I generally don't use MySQL, but iirc it confirms that nothing went wrong saving the data (whereas with mongo there is no confirmation step, you just have to hope that it was successful), and the data is written to disk. Additionally, i've heard of zero "Oh no, MySQL just lost 50% of my production database!" where it wasn't the user's fault, and i've heard enough of that from Mongo to stay away.
Respectfully, this isn't true. Yes, fire and forget is the default behavior, but there is a confirmation step that you can check. It may be implemented a bit differently from driver to driver, but it is generally called a "safe insert". Numerous people use this to ensure their writes across single databases as well as multi-node master-slave and replica sets.
Respectfully, this isn't true. Safe inserts are safer, but not safe. There could still be a problem writing the data to disk, and (My|Postgre)SQL just doesn't have this problem.
Assuming the changes that were introduced in MongoDB 1.8 for single-server durability, writes are being put to disk with journaling. So, the data is written to disk.
That doesn't actually guarantee the write was written to disk unless an fsync was issued.

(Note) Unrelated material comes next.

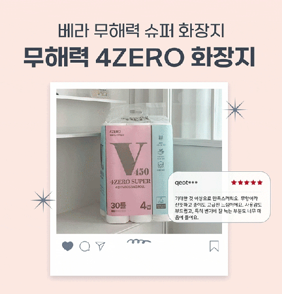 • [VERA] 베라 4ZERO 무해력 슈퍼 (4겹엠보싱 25MX30롤) 두루마리 화장지 휴지
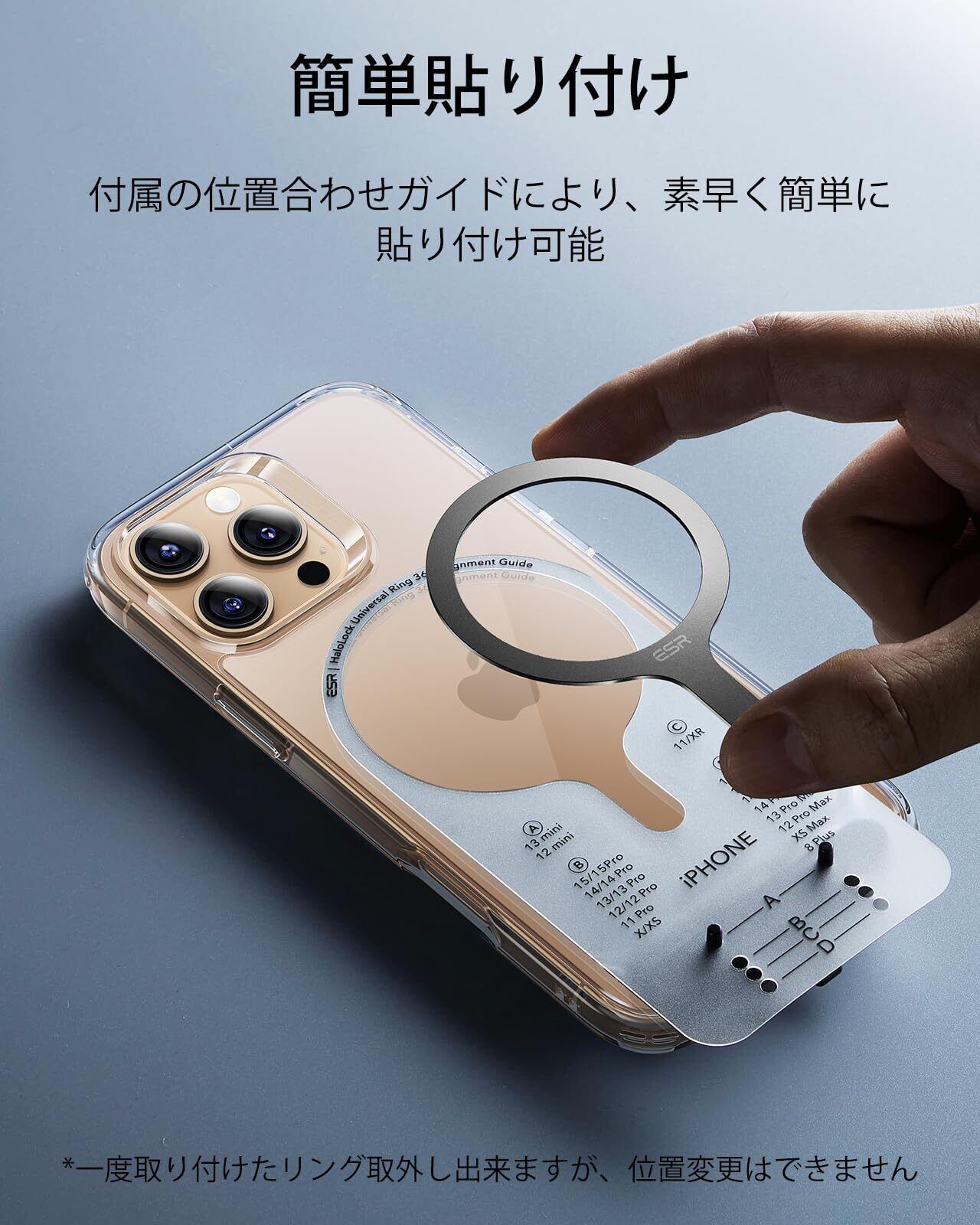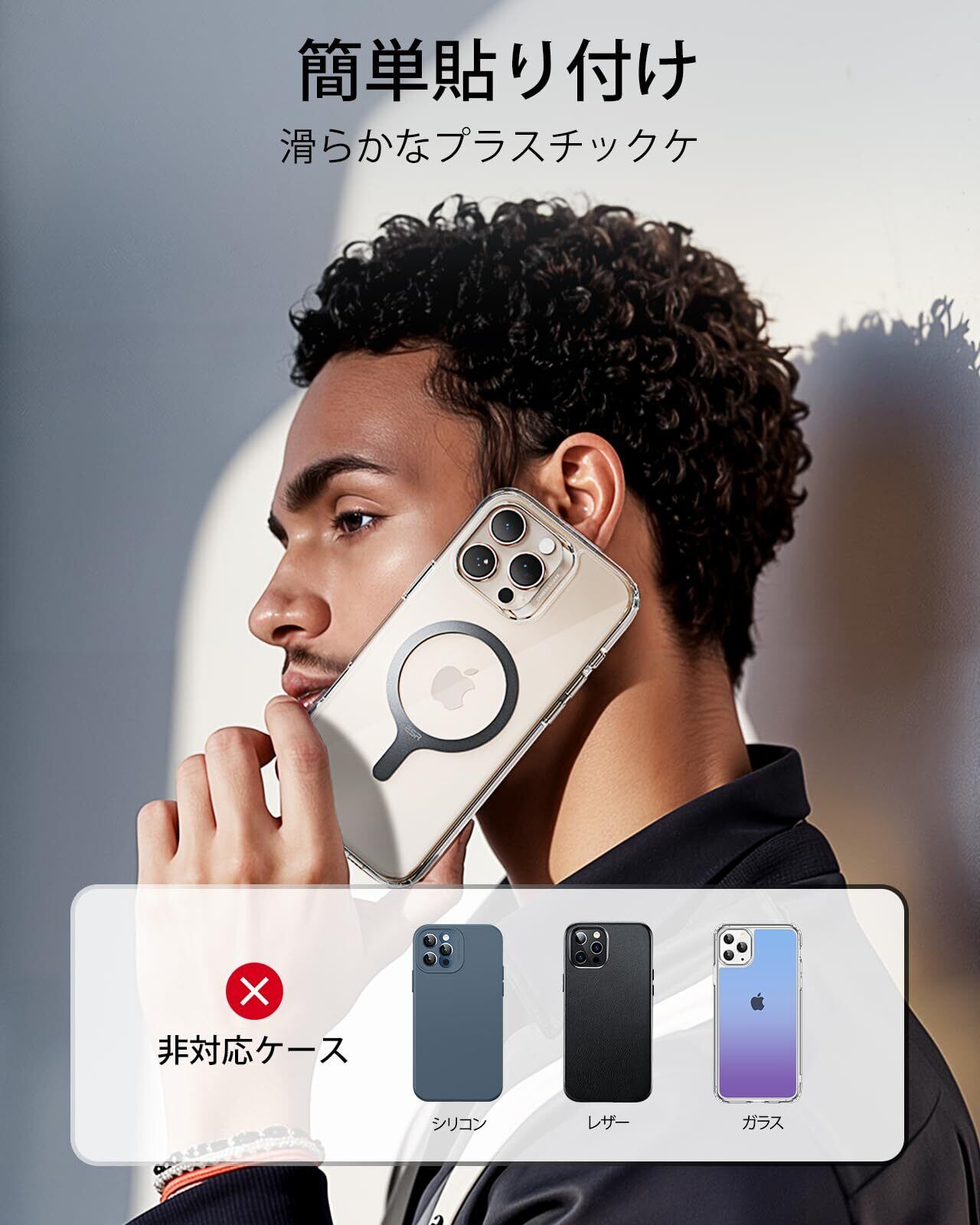 ️【重要】必ず金属リングはスマホケースの外側に貼り付けてください。ケースの表面が平らで滑らかな場所に貼ることが必要です。本製品は、革製ケースや液体シリコンケース、またはケースなしのスマホには対応しておりませんのでご注意ください。また、磁力に影響が出るため、スマホケースの内側にリングを貼ることはお控えください。

Of course that comes with a significant effect on MongoDB's famously marketed write performance.
Then in MongoDB's case durability is a function of scale, which leads back to the parent's suggestion that it is a technology optimized for performance.
Personally I think this is a bad foundation for data that is important. There are probably a lot of use cases where data not being on disk for n seconds (or one minute in the case of MongoDB) is ok.
Even when that is the case, I still think that is the most important question to be addressed when choosing MongoDB as a data store.
The flexible query API, schema-less document format, secondary indices... those are siren songs of rapid development.